I am super excited to learn about these fluffy little guys!


----------



## Nigerian dwarf goat (Sep 25, 2017)

I also might want to show them, when I get my goats to the showing point, which may be in a year or so...


----------



## ksalvagno (Oct 6, 2009)

Only trim the nails. 11-12 month gestation. Kids are called crias. You would treat them like sheep as far as minerals. You'd want to keep males and females separated. Just keep stalls fairly clean so dirt and stuff doesn't get into the fiber. Shear once a year like sheep. Crias stay on mom for a good 4-6 months preferably 6 months. You don't want to bottle feed unless you absolutely have to.


----------



## Nigerian dwarf goat (Sep 25, 2017)

ksalvagno said:


> You would treat them like sheep as far as minerals.


OK, so do you feed them grain or just free choice coastal hay?

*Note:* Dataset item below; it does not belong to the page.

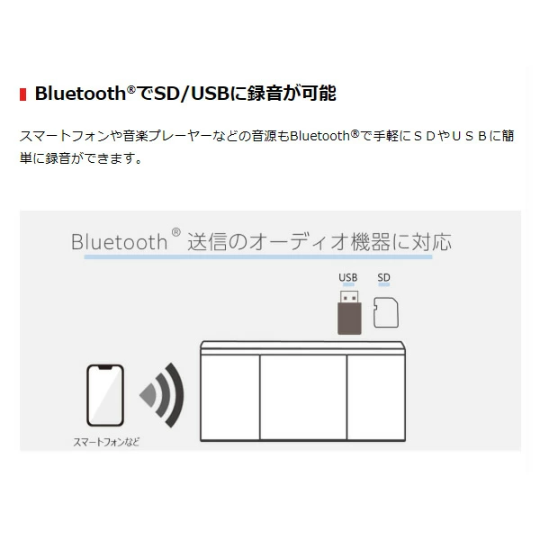 - Bluetooth受信音源のSD/USB録音機能の有無

Alot of the videos I have been watching say that they don't need alfalfa unless they are nursing, and you should only feed it in small amounts. Is this correct? As of now, my goats are on whole oats and barley along with free choice coastal and alfalfa, so I am wondering if that would be a good diet for them, or do they need a better diet?


ksalvagno said:


> Shear once a year like sheep


 I know how to shear a goat, and have all of those supplies, but I dont know if I could use that, or if i should even do it myself or should i have a profesional and/or vet do it. i want to use the fleece, but I will have to figure out how to make stuff. Maybe I could just sell some fleece and have somebody else make things?



ksalvagno said:


> Only trim the nails.


Oh, ok! How will I know if their feet are overgrown? What should I restrain them with when I am trying to trim nails?


ksalvagno said:


> You would treat them like sheep as far as minerals.

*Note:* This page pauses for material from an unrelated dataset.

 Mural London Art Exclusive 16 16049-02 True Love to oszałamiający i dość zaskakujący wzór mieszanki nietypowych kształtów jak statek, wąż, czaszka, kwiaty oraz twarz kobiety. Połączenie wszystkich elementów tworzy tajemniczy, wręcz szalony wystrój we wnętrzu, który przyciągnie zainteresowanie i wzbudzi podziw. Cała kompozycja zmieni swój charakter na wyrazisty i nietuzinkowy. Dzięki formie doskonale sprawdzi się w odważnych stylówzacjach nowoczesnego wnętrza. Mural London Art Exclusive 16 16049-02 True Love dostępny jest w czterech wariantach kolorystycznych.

So would they need loose sheep minerals, or do I just supplement them with selenium, zinc, etc? Does this mean if I eep hem with the goats, it wouldnt be safe for me to have the goat minerals out that have copper in them? (sweetlix and cargill onyx)



ksalvagno said:


> You don't want to bottle feed unless you absolutely have to.


Just curious on the reasoning behind this... Do they get aggressive? Or is it because it is just for so long?

How old can the crias breed? (both genders)
How often should I breed a female (what are they called?)

Thank you so much for putting up with all of my questions! I am so excited!


----------



## ksalvagno (Oct 6, 2009)

OK, so do you feed them grain or just free choice coastal hay? Alot of the videos I have been watching say that they don't need alfalfa unless they are nursing, and you should only feed it in small amounts. Is this correct? As of now, my goats are on whole oats and barley along with free choice coastal and alfalfa, so I am wondering if that would be a good diet for them, or do they need a better diet?

It has been a while but I fed a grain mix and a mineral specifically for alpacas. You would have to go with a sheep mineral and then supplement copper for the goats. Alpacas don't need as much calcium. You would have to research the grains.


----------



## ksalvagno (Oct 6, 2009)

I know how to shear a goat, and have all of those supplies, but I dont know if I could use that, or if i should even do it myself or should i have a profesional and/or vet do it. i want to use the fleece, but I will have to figure out how to make stuff. Maybe I could just sell some fleece and have somebody else make things?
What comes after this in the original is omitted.